OpenAssistant/llama2-13b-orca-8k-3319 · example code is not working

Jul 26, 2023

File /usr/local/lib/python3.9/dist-packages/accelerate/hooks.py:165, in add_hook_to_module..new_forward(*args, **kwargs)
163 output = old_forward(*args, **kwargs)
164 else:
--> 165 output = old_forward(*args, **kwargs)
166 return module._hf_hook.post_forward(module, output)

File /usr/local/lib/python3.9/dist-packages/transformers/models/llama/modeling_llama.py:300, in LlamaAttention.forward(self, hidden_states, attention_mask, position_ids, past_key_value, output_attentions, use_cache)
297 key_slices = self.k_proj.weight.split(key_value_slicing, dim=0)
298 value_slices = self.v_proj.weight.split(key_value_slicing, dim=0)
--> 300 query_states = [F.linear(hidden_states, query_slices[i]) for i in range(self.config.pretraining_tp)]
301 query_states = torch.cat(query_states, dim=-1)
303 key_states = [F.linear(hidden_states, key_slices[i]) for i in range(self.config.pretraining_tp)]

File /usr/local/lib/python3.9/dist-packages/transformers/models/llama/modeling_llama.py:300, in (.0)
297 key_slices = self.k_proj.weight.split(key_value_slicing, dim=0)
298 value_slices = self.v_proj.weight.split(key_value_slicing, dim=0)
--> 300 query_states = [F.linear(hidden_states, query_slices[i]) for i in range(self.config.pretraining_tp)]
301 query_states = torch.cat(query_states, dim=-1)
303 key_states = [F.linear(hidden_states, key_slices[i]) for i in range(self.config.pretraining_tp)]

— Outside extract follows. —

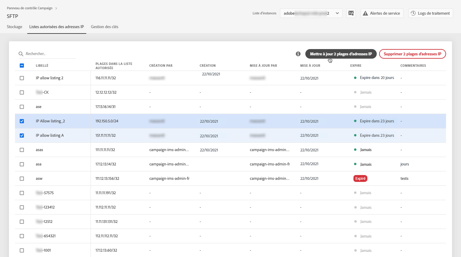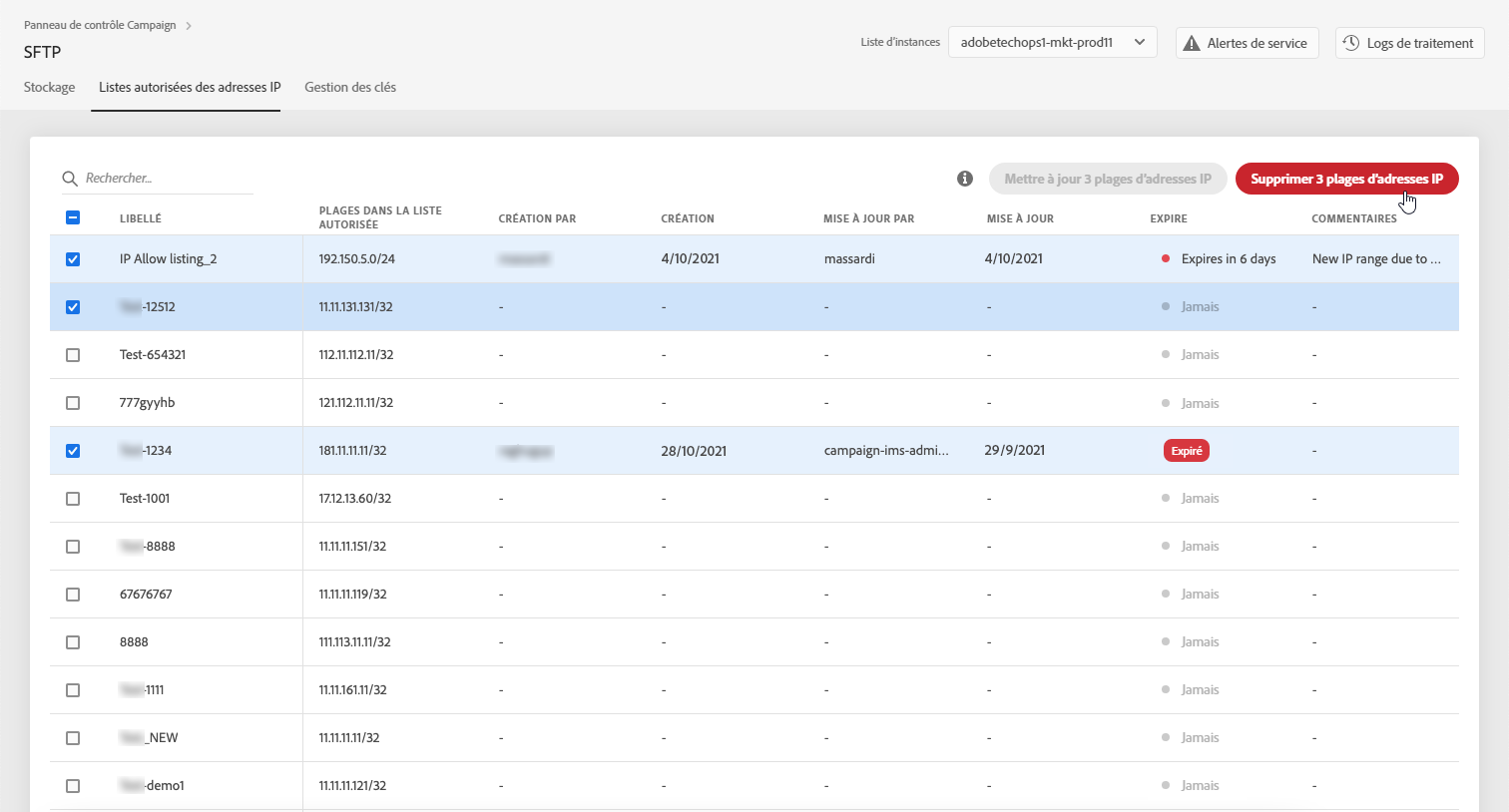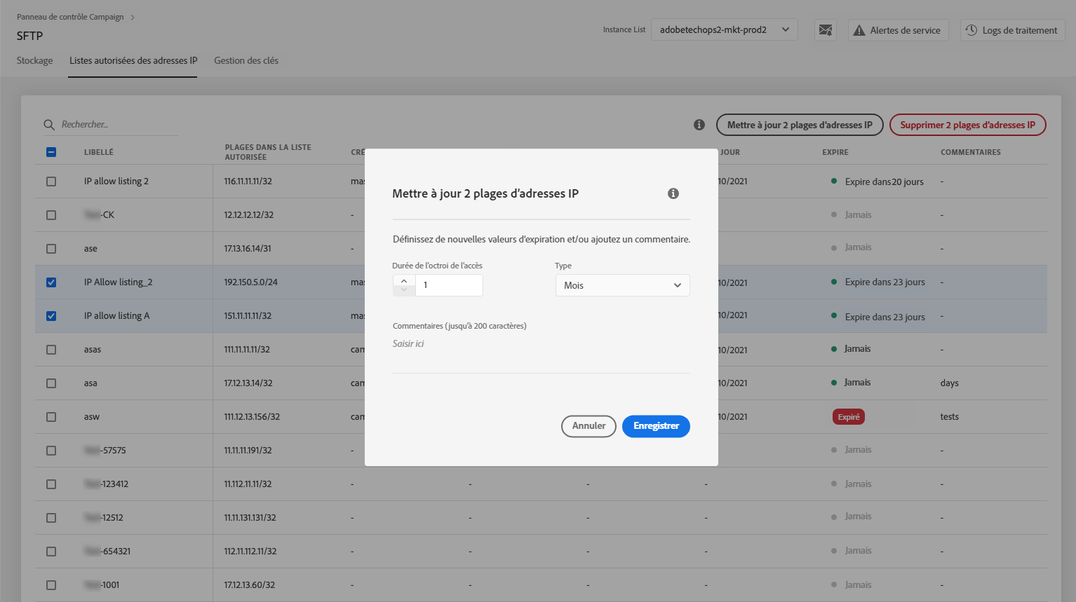 Une plage dʼadresses IP arrivée à expiration ne peut plus être utilisée pour accéder aux serveurs SFTP.

RuntimeError: mat1 and mat2 shapes cannot be multiplied (69x5120 and 1x2560)

nigh8w0lf

Jul 26, 2023

Got the same shape mismatch error , using latest transformers>=4.31.0

Q4234

Jul 26, 2023

I guess setting the ctxlen is missing in the code ... no idea how to do this but the code for SuperCOT/SuperHOT did do this...

ttronrud

Jul 26, 2023

They need to set pretraining_tp to 1 for it to work with quantized models. You can set the value in the local copy of the model's config and that'll fix the problem.
https://github.com/facebookresearch/llama/issues/423#issuecomment-1643387661

andreaskoepf

OpenAssistant org Jul 27, 2023

@ttronrud thanks for reporting. We added pretraining_tp to the config.